I have a large list of integers unsorted, numbers might be duplicated. I would like to create another list which is a list of sub-lists of indexes from the first list starting with max element to min, in decreasing order. For example, if I have a list like this:

list = [4, 1, 4, 8, 5, 13, 2, 4, 3, 7, 14, 4, 4, 9, 12, 1, 6, 14, 10, 8, 6, 4, 11, 1, 2, 11, 3, 9]

The output should be:

indexList = [[10, 17], [5], [14], [22, 25], [18], [13, 27], [3, 19], [9], [16, 20], [4], [0, 2, 7, 11, 12, 21], [8, 26], [6, 24], [1, 15, 23]]

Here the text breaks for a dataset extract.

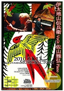佐山さんとのツアーの紹介です。 11/13(sat) open19:30start20:00 前¥2500当¥3000 1dr set 伊太地山伝兵衛(vo,gt) 佐山雅弘(pf) OA:MUSIC FACTORY SPECIAL BAND Sax 福本久記 Bass 前原 潔 Drum 岩本利之 Vocal REY 場所:福山ミュージックファクトリー 広島県福山市明神町2-8-2 電話:084-945-8481

where, [10, 17] is the index of where '14' is present and so on...

Shared my code below. Profiling it using cProfile for a list of around 9000 elements takes around ~6 seconds.

def indexList(list):
    # List with sorted elements
    sortedList = sorted(list, reverse = True)

    seen = set()
    uSortedList = [x for x in sortedList if x not in seen and not seen.add(x)]

    indexList = []
    for e in uSortedList:
        indexList.append([i for i, j in enumerate(list) if j == e])

    return indexList
pzp
  • 6,249
  • 1
  • 26
  • 38
Learning
  • 31
  • 5

1 Answers1

3

Here you go:

def get_list_indices(ls):
    indices = {}
    for n, i in enumerate(ls):
        try:
            indices[i].append(n)
        except KeyError:
            indices[i] = [n]
    return [i[1] for i in sorted(indices.items(), reverse=True)]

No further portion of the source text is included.